Task details>
With the material below, print exactly the lines between the line holding "- 150 Gramm" and the line holding "イチョウ並木が色づき、ドングリなどの木の実もたくさん見つけました。", inclusive. Add nothing else.

Material shown>
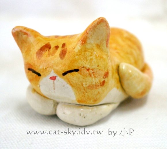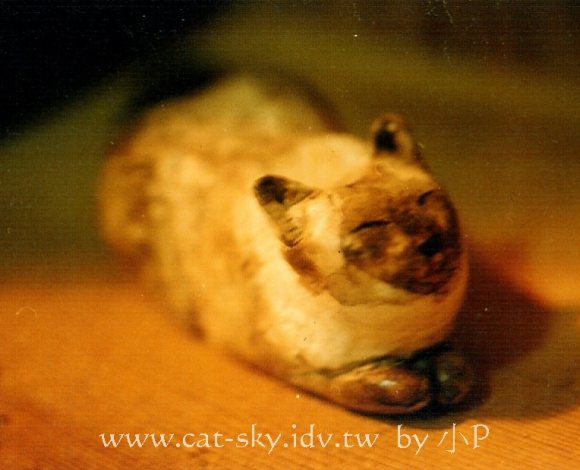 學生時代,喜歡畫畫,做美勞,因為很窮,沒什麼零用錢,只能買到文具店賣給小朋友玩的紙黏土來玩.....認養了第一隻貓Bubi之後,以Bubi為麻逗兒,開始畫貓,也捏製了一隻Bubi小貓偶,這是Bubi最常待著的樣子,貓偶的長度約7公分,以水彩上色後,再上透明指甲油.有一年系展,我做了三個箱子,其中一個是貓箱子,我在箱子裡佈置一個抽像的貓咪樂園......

* * *

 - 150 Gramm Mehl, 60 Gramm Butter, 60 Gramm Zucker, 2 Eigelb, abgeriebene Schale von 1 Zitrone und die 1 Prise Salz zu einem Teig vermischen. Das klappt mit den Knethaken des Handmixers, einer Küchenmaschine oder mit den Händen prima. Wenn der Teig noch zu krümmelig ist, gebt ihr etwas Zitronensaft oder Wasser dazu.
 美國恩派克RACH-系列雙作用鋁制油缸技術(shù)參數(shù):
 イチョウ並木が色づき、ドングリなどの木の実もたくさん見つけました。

...

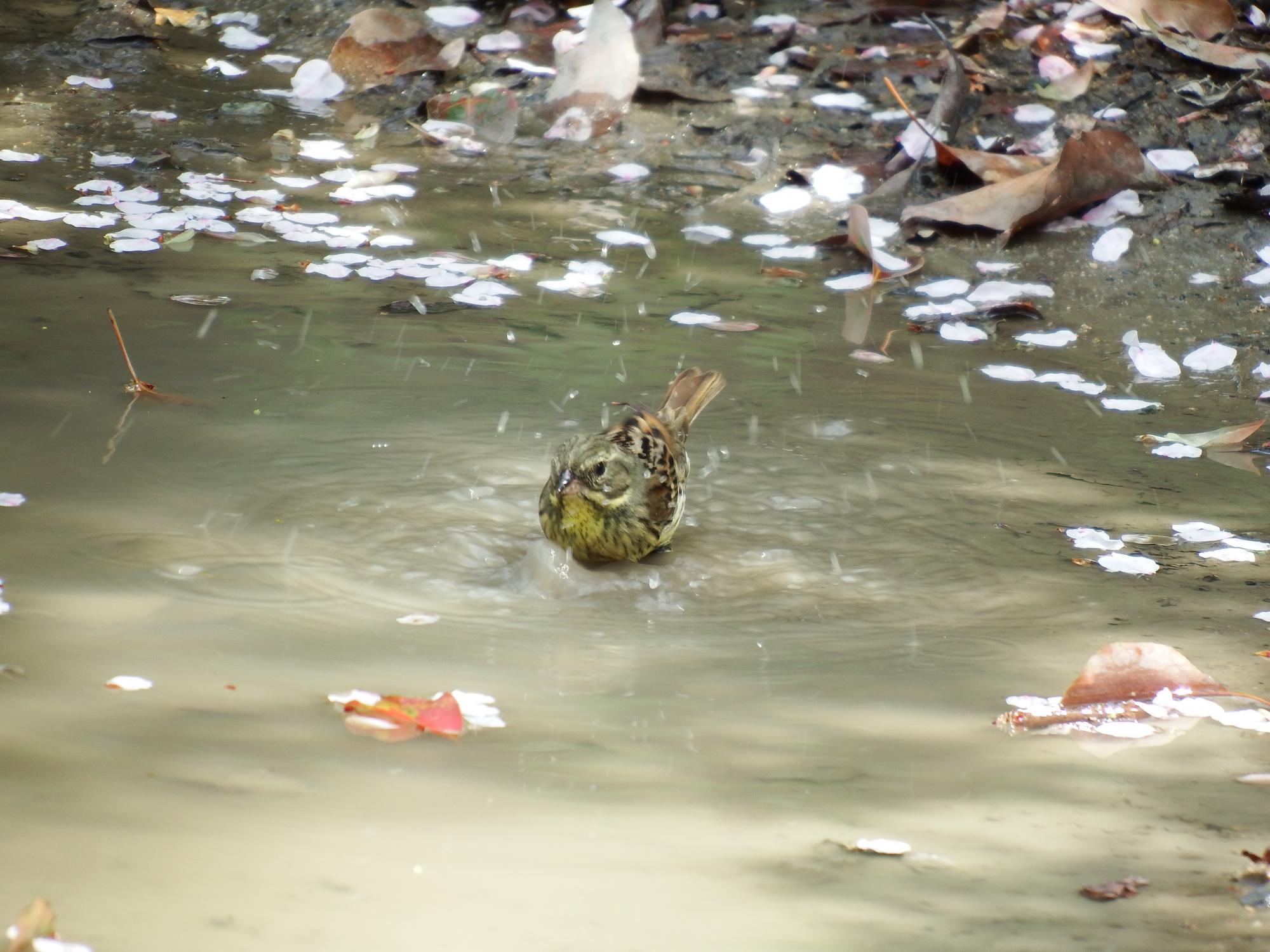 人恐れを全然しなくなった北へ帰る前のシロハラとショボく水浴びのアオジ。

Exercise response>
 - 150 Gramm Mehl, 60 Gramm Butter, 60 Gramm Zucker, 2 Eigelb, abgeriebene Schale von 1 Zitrone und die 1 Prise Salz zu einem Teig vermischen. Das klappt mit den Knethaken des Handmixers, einer Küchenmaschine oder mit den Händen prima. Wenn der Teig noch zu krümmelig ist, gebt ihr etwas Zitronensaft oder Wasser dazu.
 美國恩派克RACH-系列雙作用鋁制油缸技術(shù)參數(shù):
 イチョウ並木が色づき、ドングリなどの木の実もたくさん見つけました。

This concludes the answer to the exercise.